Swedish folk high schools provide an arena for attempting to (re)kindle collective solidarity and participation by bringing a range of marginalized and disaffected Swedes and newly arrived Syrian migrants together in community-based high-school completion courses. In folk high school classrooms, largely white, middle-aged teachers, who grew up at the height of postwar social democracy, negotiate social democratic “pedagogies of care” with their diverse young adult students, who have come of age in a very different historical present. The aim of these caring pedagogies, which emphasize face-to-face encounter across difference, is to get differently positioned students to recognize and care for one another, fostering experiences of well-being that are tied to emotional investments in a social democratic politics of universal inclusion. In spite or because of their cultural rootedness in a social democratic past, however, these projects of care and well-being do not always produce their intended consequences. Practices of care, while significant and needed, may not be a viable match for the larger structural forces driving rising political apathy and antipathy in the current global moment.
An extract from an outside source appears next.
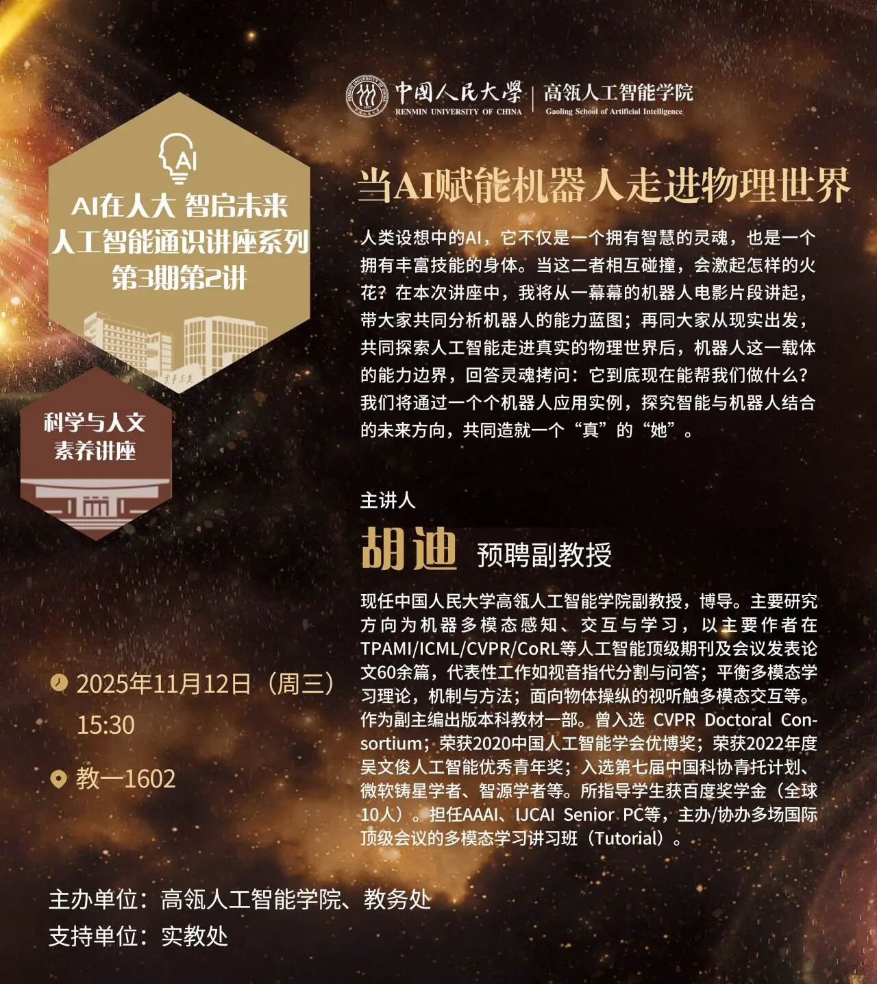 第三期“AI在人大,智启未来——人工智能通识系列讲座”正式启动!讲座由7M体育即时比分 与教务处联合主办,旨在全校范围内普及人工智能教育,赋能跨学科人才培养,推动智能思维融入教育全域。本期讲座将邀请12位来自校内外的专家学者,聚焦人工智能前沿突破、学科融合创新与典型场景应用等展开深度解读。第二讲将邀请胡迪副教授,围绕“AI赋能机器人走进物理世界”作主题演讲,与师生共同探究智能与机器人结合的未来方向。

Further, subtle dynamics that shape how care and wellness projects materialize in interaction may inadvertently reinscribe the very notion of racialized differentiation in imagined national belonging that they are meant to contest. In the tradition of psychological and medical anthropology, this research contributes to anthropological scholarship that casts care as a linchpin between intimate relations and larger socio-political structures, and extends this literature by illuminating the promise as well as the peril of using care as a political intervention in an era of advanced capitalism and accelerating polarization.